Судьба неожиданно свалила на его плечи огромную, чуждую ему государственную работу, бросила его в самый водоворот политических страстей и интриг. В этой чуждой ему работе он, видимо, терялся, боясь ошибиться, не доверял никому и в то же время не находил в самом себе достаточных сил твердой и уверенной рукой вести по бурному политическому морю государственный корабль»[395]
.В данном случае важно наблюдение П. Н. Врангеля о неспособности А. И. Деникина зажигать сердца и овладевать душами, что мастерски умел делать сам барон.
А. И. Деникин совершал подвиги в Русско-японскую[396]
и Первую мировую войны, но делал это не в эффектной манере, подобно П. Н. Врангелю, в блестящей конной атаке в 1914 г. захватившему немецкую батарею[397]. Он не издавал, как это делал барон, красочных приказов, способных воодушевить войска. Именно П. Н. Врангель — и не только он — метко заметил: А. И. Деникину не хватало того, что сегодня назвали бы внешним антуражем и чем обладал сам барон, имевший, в отличие от А. И. Деникина, эффектный внешний вид. Он был высокого роста, худой, поджарый, с зычным голосом. Барон импонировал войскам своей «декоративной» наружностью и манерой держаться[398].И если образ П. Н. Врангеля всем своим антуражным и рыцарским внешним видом несет на себе печать харизмы и являет образ подлинного вождя, способного подчинять своей воле окружающих, то образ А. И. Деникина, напротив, не содержит в себе ничего героического.

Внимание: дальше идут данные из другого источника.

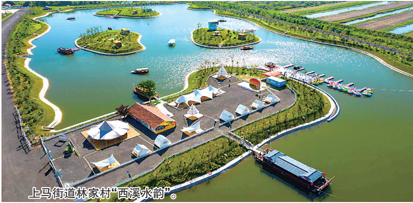
上马街道林家村“西溪水韵”。

本报10月19日讯 茂密的树林，清澈的湖水，在水中的小岛上，扎着一个个帐篷，游客们一起吃着烧烤，欣赏四周的美景。入夜，灯光开启，吹着晚风，相当惬意。这里就是位于上马街道林家村的西溪水韵。近年来乡村旅游持续走热，位于城阳区上马街道的林家村因地制宜，新建一处乡村旅游打卡地“西溪水韵”，把“凉资源”变“热流量”，促进集体经济和村民收入双增长。
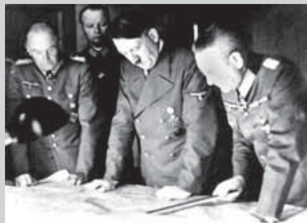
Адольф Гитлер, Вальтер фон Браухич и Франц Гальдер
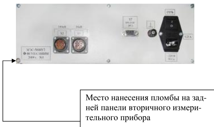
Рисунок 9. Схема пломбирования от несанкционированного доступа

В целях предотвращения несанкционированных вмешательств проводят пломбирование вторичного измерительного прибора после поверки. Схема пломбирования вторичного измерительного прибора представлена на рисунке 9.
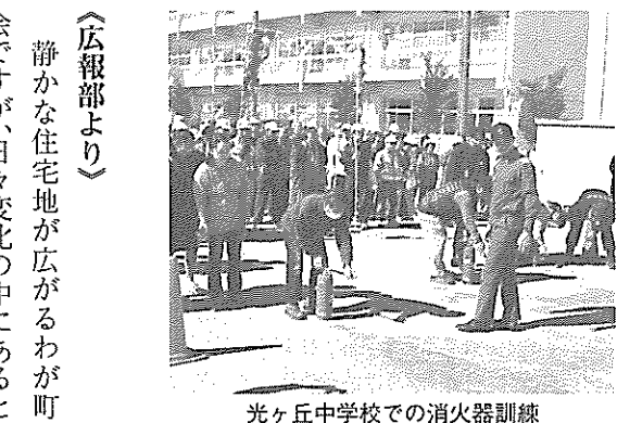
光ヶ丘中学校での消火器訓練

●光ヶ丘地区防災訓練 き出し訓練を実施しました。二十kgの米でたくさんのおにぎりを作り、豚汁と共に参加者全員に提供し、大変喜ばれました。本番ではこんなにも穏やかな雰囲気ではないでしょうが、万が一の訓練と経験が何より大事です。お手伝いしてください。皆さま、ご苦労様でした。
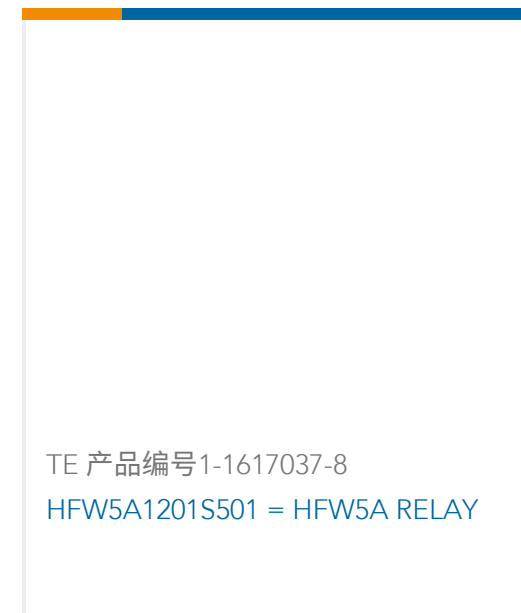
TE 产品编号1-1617037-8 HFW5A1201S501 = HFW5A RELAY
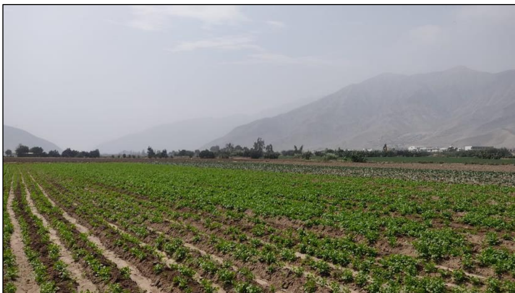
Figura 9: Terreno agrícola con culantro

Nota: La diversidad de cultivos establecidos por el agricultor constituye una fortaleza para pagos futuros.
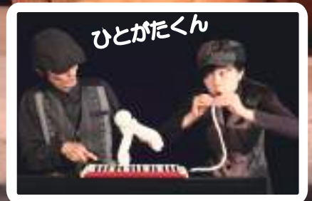
「人」の形をしたひとがたくんがコミカルに大暴れ！！
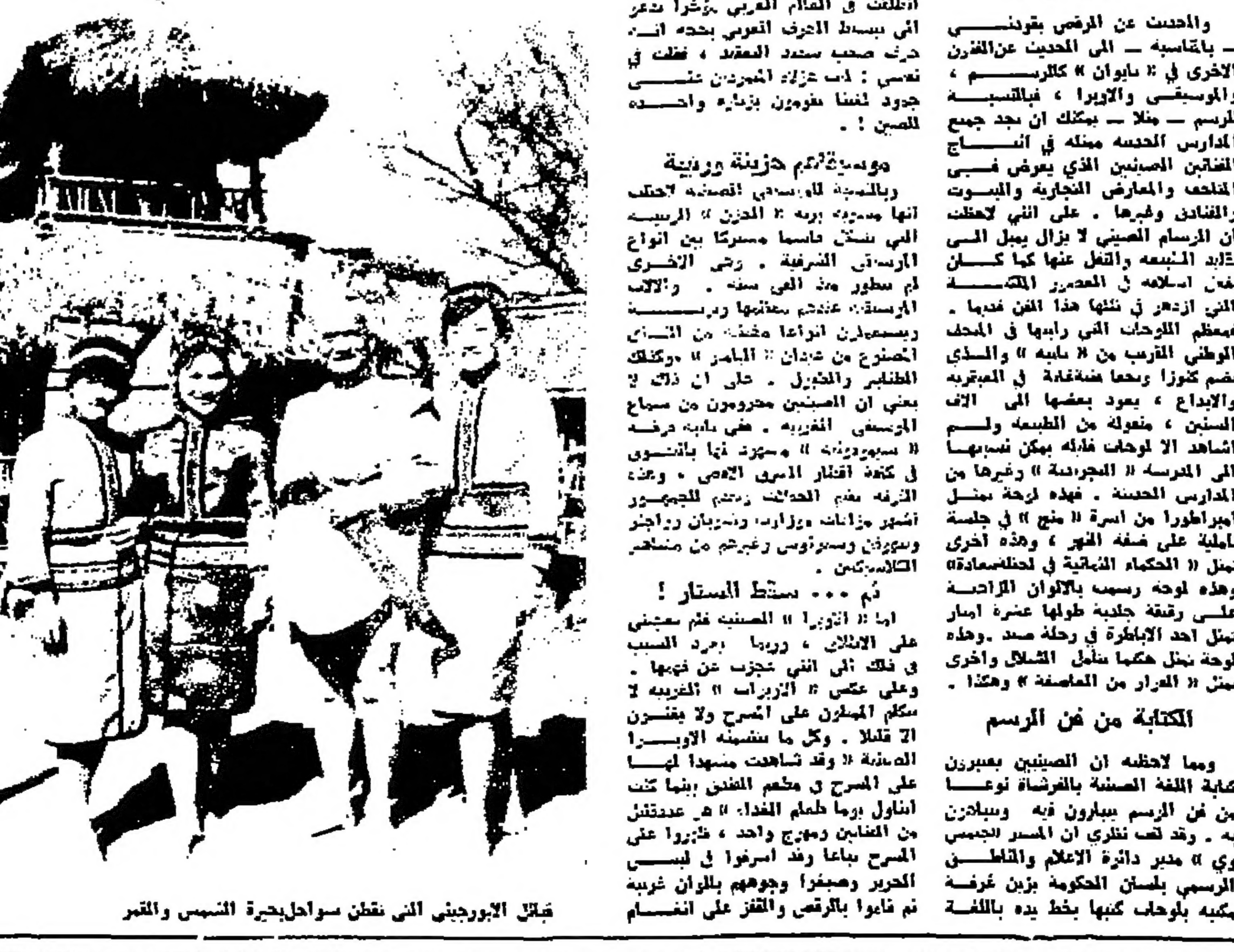
قبائل الابورجيني التي تظن سواحل بحيرة الشمس والقمير

حديث عن الرسم والحدث عن الرسم بقرنيس - ياتقاسمه - الى الحديث عن القرن الاجري في « تايوان » كالرسم والجوسفي والايروا ، والبياسية الرسم - مثلا - بذلك ان جدم ججم الدارس الحسنة منته في اسناج الضمان الصيني الذي يعرض في الخطف والمعارض التجارية والبسوت والفنانك وغيرها . على اني لاعتقت ان الرسم الصيني لا يزال يملك تأثيره الاثني والقل عنها كما كان من اسلافه في العصر القديم الذي ازدهر في تلكا هذا الفن فيها . ويستعملون اوتاعة فخذ من الشاي الاصغر من عدان « البامر » و « كوكك الطاني والشرول - حل ان ذلك يعني ان الصينيين حرمون من سواج الرجسي الغربي . في ايديه وفيه « سبورون » « سبورون » « سبورون » في كفة اقطار الحدي الاممي . وفيه الرفعة من الحدي رشم الجوسفور تسهر من اوقات وزارة ، وسيزان رواجز وسيزان وسيزان وسيزان من مسافر الاصغر . ثم ... بسط الستار ابا - ان « تايوان » الصين فم معنى على الاطلاق ، وربما برعد السبب في ذلك اني ججرت عن فيها . وعلى عكس « التايوان » الغربية لا سكلم المليون على المسرح ولا يقترون ان قتلا . وكل ما سببه الاوسرا الصينية « وقد شاهدت منها لهما على المسرح في معظم المدن بينما كنت اناول برما طعام الغداء . هر عدتلك من الضمان وهو ج واحد ، فترروا على المسرح بناغا وقد اسرخوا في لبس الحري وصفا ووجههم بلوان غريبة ثم ناولوا بالقرص والقرص على التماس
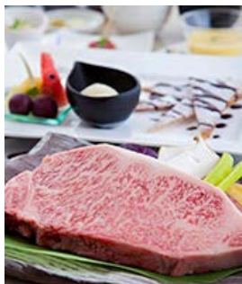
宮崎牛特撰ロースステーキ

(100g) 5,200円 (150g) 6,000円 (200g) 6,800円
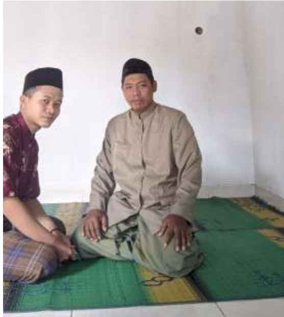
Wawancara dengan Pembina Majelis Taklim Nurul Hikmah
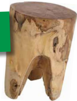
Pall i återvunnen teak, storlek varierar, Rum21
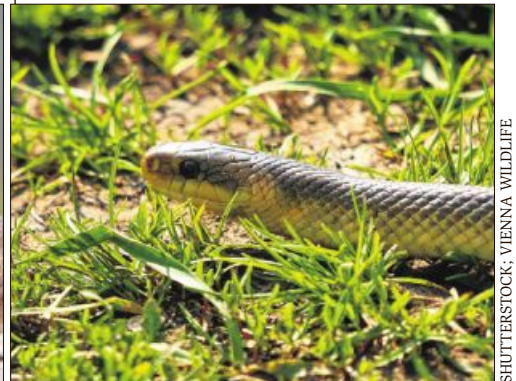
SHUTTERSTOCK: VIENNA WILDLIFE

Rund acht Millionen Menschen nennen Österreich heute ihr Zuhause, 1,8 Millionen davon leben alleine in Wien. Wie viele Tiere das Land bevölkern, ist weitaus schwieriger zu ermitteln. Von Haustieren wie Hunden, Katzen und so weiter abgesehen, nehmen wir zumeist gar nicht zur Kenntnis, wel-
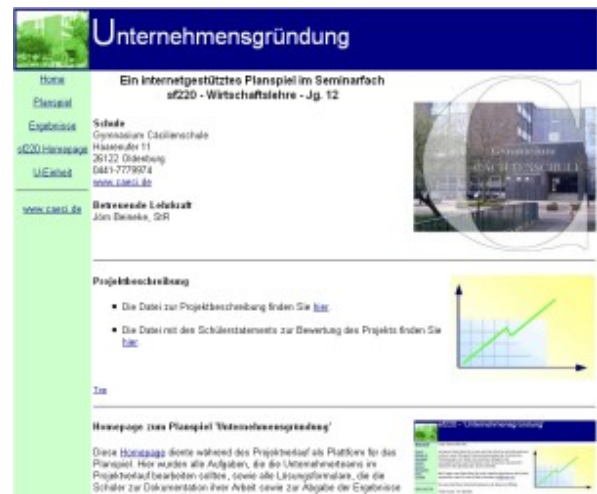
CD-Rom zum Planspiel Unternehmensgründung

Das internetgestützte Planspiel zur Unternehmensgründung wird regelmäßig in den Kursen Wirtschaftslehre bzw. den Seminarfächern 'Allgemeine Wirtschaftslehre' als Angebot für die Schülerinnen und Schüler der Sek. II durchgeführt.
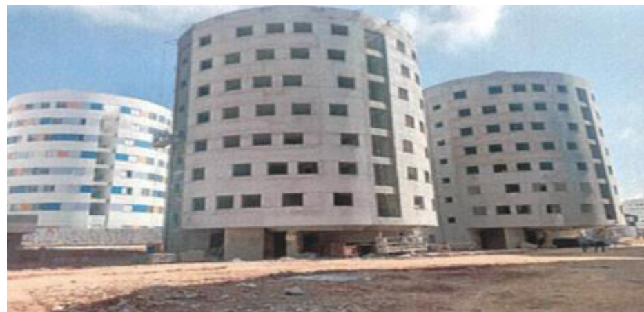
Execução de Revestimento de Fachada- Condomínio 5 – Fotos: mar./23
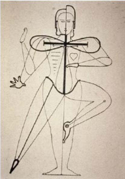
Oskar Schlemmer: Skizze zum Thema Entmaterialisierung, aus dem Aufsatz Mensch und Kunstfigur, in: Die Bühne im Bauhaus (Bauhausbücher 4), München 1925, S. 7-24, hier S. 17, Quelle: Wikimedia Commons (gemeinfrei)
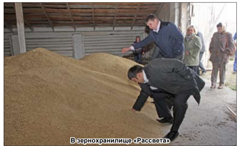
В зернохранилище «Рассвета»
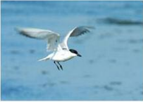
(۵) مهقه سوکا دهریاییا نکل شهنگ (س) ماسیخورکهی دهنووک نهستور (ع) خطاف البحر نورسي المنقار Gelochelidon nilotica (L)
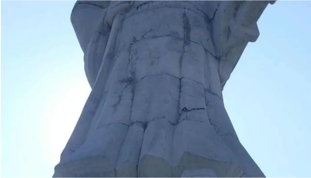
Cong vien sinh thai tre luong thanh tam cong ty cp mia duong lam son video
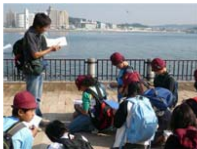
おおむかし え しま 大昔の江の島はね……
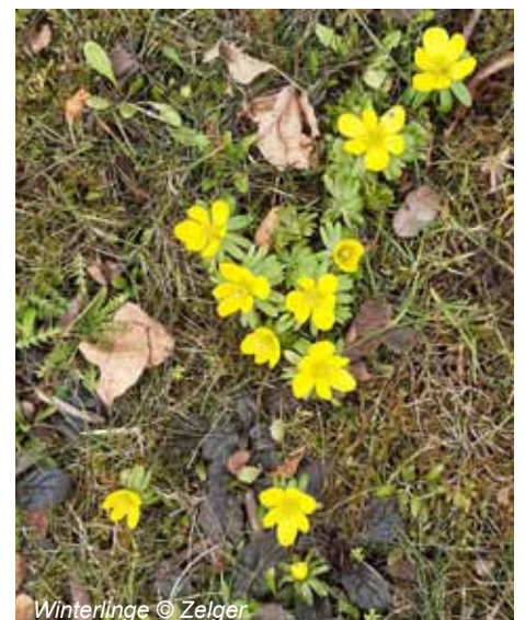
Winterlinge © Zelger
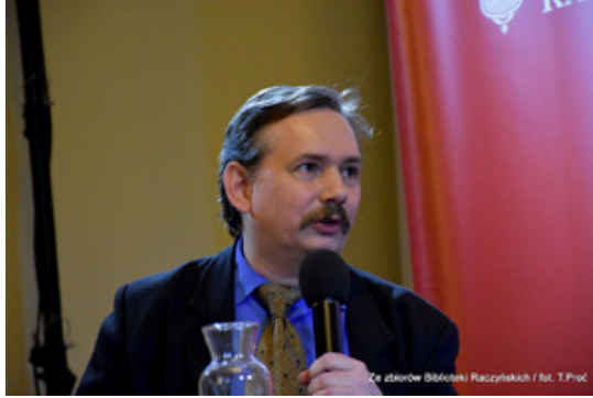
Ze zborów Biblioteki Raczyńskich
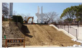
高齢者にやさしい階段&スロープ

平成24、25年度の地域予算提案事業として神池公園の再整備が進み、秋のふれあいフェスタ(交流館祭)開催までの完成を目指しています。
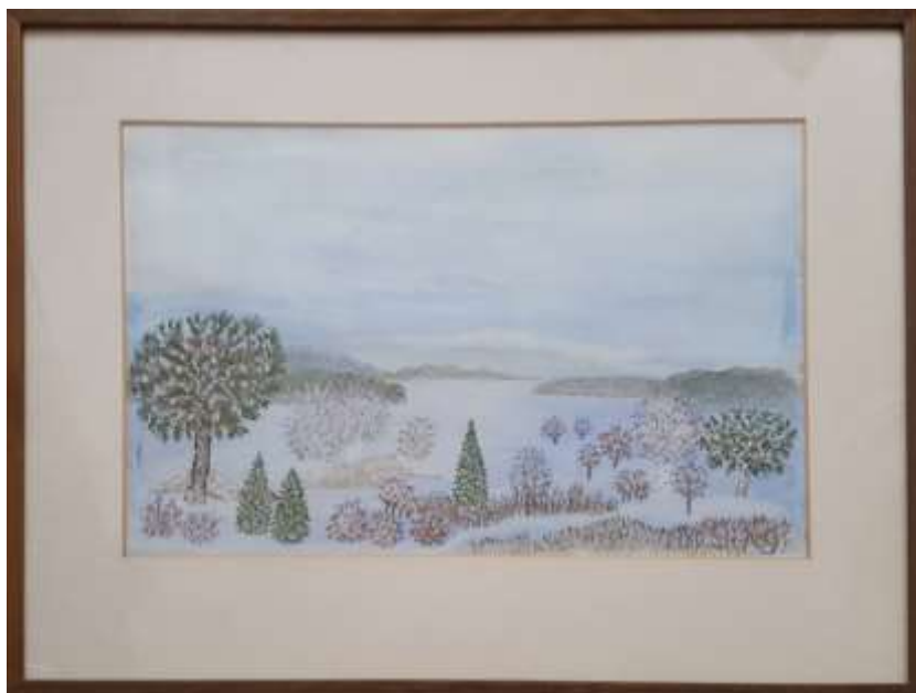
Gerdi Kullberg, gouache 1980, 30 x 45 cm.

Vid något tillfälle beskrev hon träden som sin familj. Sin släkt. Vuxna och barn. Det tänker jag ofta på när jag ser hennes målningar med stora och små träd. De med ett enda eller ett dominerande träd förknippar jag med hennes person.
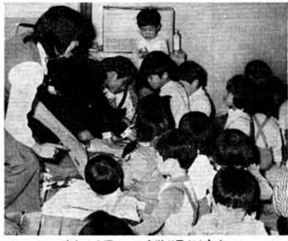
楽しく交通ルールを学ぶ子どもたち

続いて、婦交さんの指導のもと、子どもは、はめ絵でお遊び、お母さんは、子どもの交通事故を防止するうえでの注意点をききました。
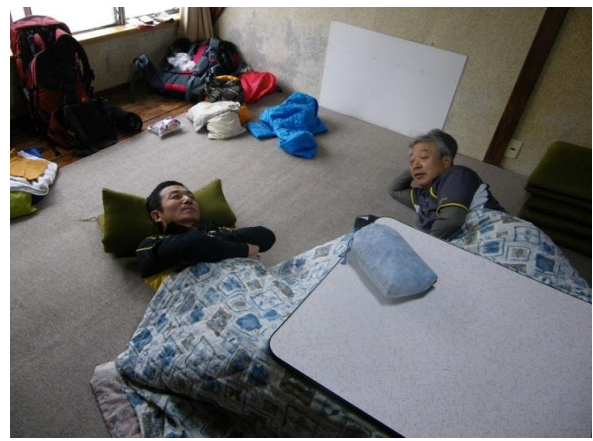
2日目寝起きもすっきり、出発6時50分
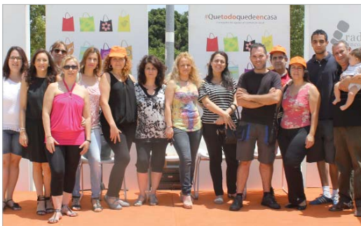
Foto de familia de los comerciantes de La Rinconada.

Los comerciantes siguen viendo en esta iniciativa una buena herramienta para dar a conocer la rica oferta comercial que presenta la localidad e incentivar el consumo en los establecimientos de las zonas visitadas
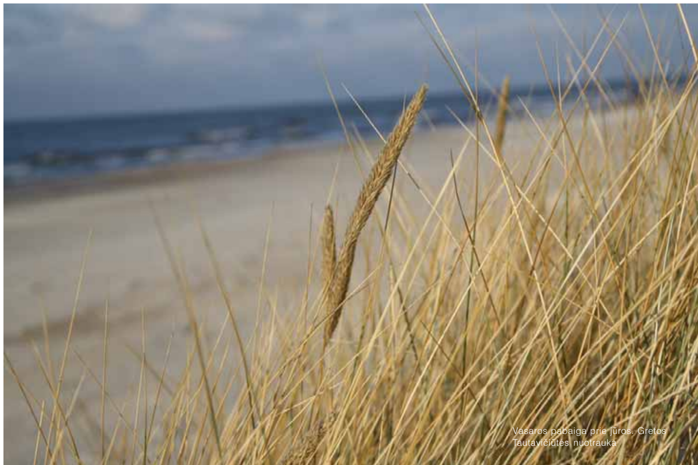
Vasaros pabaiga prie jūros.
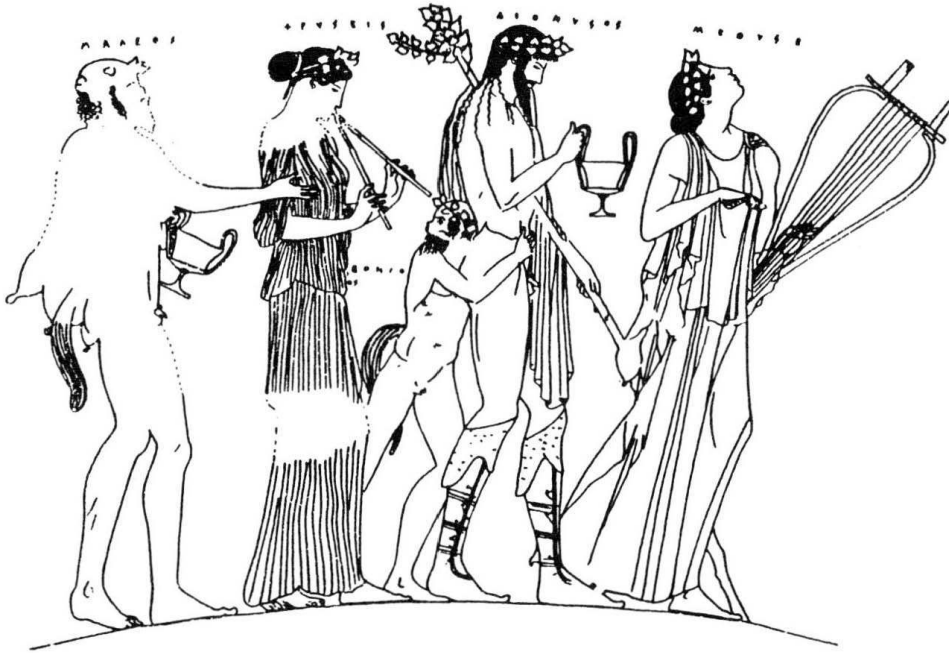
5. Cratère New York 07.286.85 (ARV 2 632, 3)
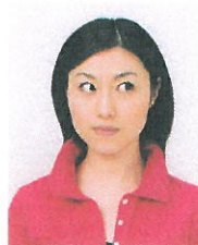
目線が正面でないもの
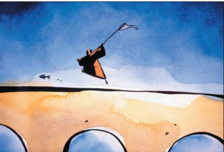
Le Moine et le poisson 1994
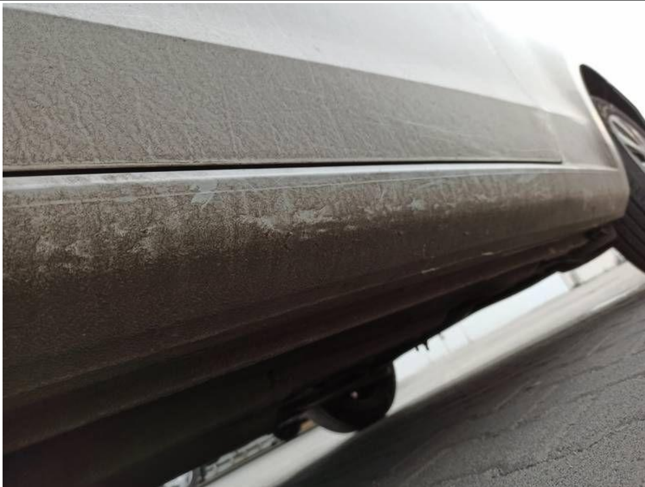
Fot. nr 89
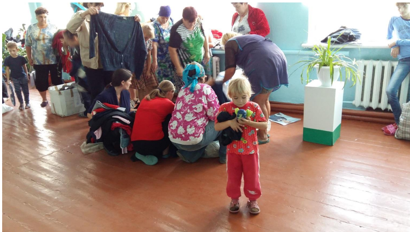
Verhovtseva lastekodu lapsed saadud abiga.
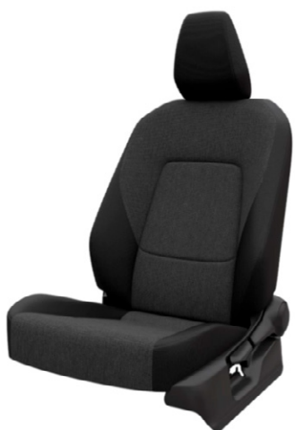
Sötétszürke szövet ülésborítás Elérhető a Live felszereltségnél
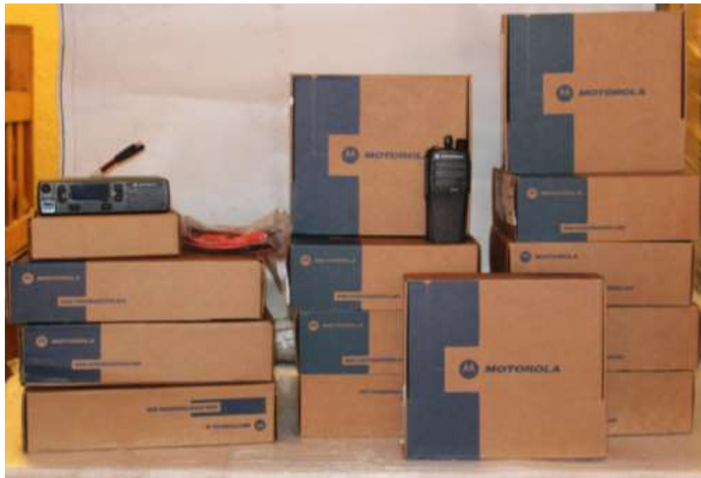
RADIO PORTATÍL Y RADIO MÓVIL
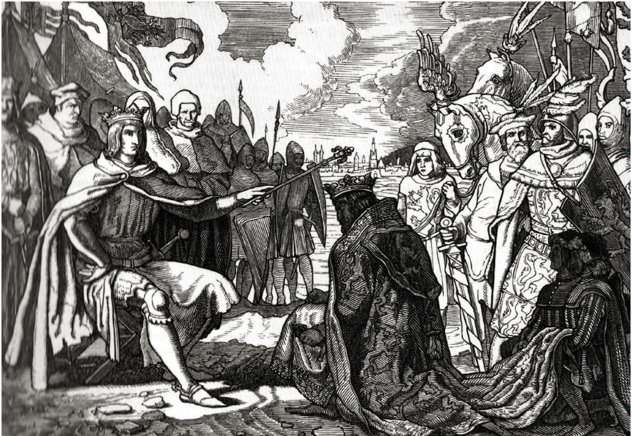
Rudolf, nedbale oblečen, přijímá jako římský král vynucený hold Přemysla Otakara II.

položen v roce 1276 za panování Přemysla Otakara II. Po zmíněných měsících musí sedmiletý Přemyslův syn, jinak budoucí český král Václav II., před Svatoštěpánským dómem na kolenou Rudolfa veřejně prosit o vydání otceva těla. V následujících letech je hlavním Rudolfovým cílem upevnění vlády a rozšíření získané pozice. Dobře ví, že český trůn je jedním ze základních kamenů cesty k cíli, a to nejen pro bohatství jeho stříbrných dolů. Důležitý je i politický vliv, jež má hlas českého krále jako jednoho z kurfiřtů volících krále Svaté říše římské. Jen sedm mužů smí volit římského krále. Jsou cosi jako dnešní eurokomisaři, ale s mnohem větším vlivem i bohatstvím. Tři církevní hodnostáři, arcibiskup kolínský, mohučský a trevírský, a čtyři světská knížata, falckrabě rýnský, vévoda saský, markrabě braniborský a král český! Zastávají i vysoké říšské úřady, arcikancléř, arcikomorník, arcistolovník či arcicíšník, což je titul patřící českému králi. Půvabné názvy, že?
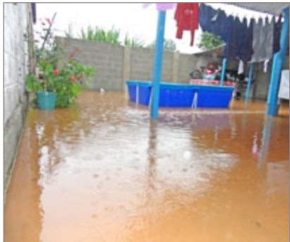
Cachoeira do Campo
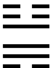
Lôi - Phong HẰNG TRÙNG CỬU

В этом смысле названные большевистские военные руководители и полководцы также отличались импозантной внешностью и умением овладевать толпой. Например, Л. Д. Троцкий превращал свои выступления в настоящие драматические спектакли, которые, быть может, и могли вызвать презрительную улыбку у образованных офицеров, но надолго запоминались малограмотным солдатам.
В годы Гражданской войны сложился определенный ритуал выступлений Л. Д. Троцкого. Как правило, «Лев революции» опаздывал (надо полагать, сознательно) к назначенному сроку своего появления на сцене. Когда беспокойство, вызванное отсутствием оратора, накапливалось до предела, Л. Д. Троцкий врывался на сцену в сопровождении ординарца. В черной кожаной шинели он быстрыми шагами подходил к краю ее, резким движением обеих рук распахивал шинель и на мгновение замирал. Все сидящие в зале видели в свете лучей красную подкладку шинели, фигуру человека в черной кожаной одежде, выброшенный вперед клок бороды и сверкающие стекла пенсне. Гром аплодисментов и крики приветствий были ответом на эту мизансцену…[399]
Чтобы оживить интерес к своей речи, Л. Д. Троцкий мог неожиданно вывести из рядов солдата и, обратившись к нему, заявить: «Брат! Я такой же, как ты. Нам с тобой нужна свобода — тебе и мне. Ее дали нам большевики. — Показывает рукой в сторону красных позиций. — А оттуда, — резкий выброс руки в сторону белых позиций, — сегодня могут прийти белые офицеры и помещики, чтобы нас с тобой вновь превратить в рабов!»[400]
Л. Д. Троцкий вообще, по словам американского исследователя Р. Пайпса, умел будоражить толпы[401].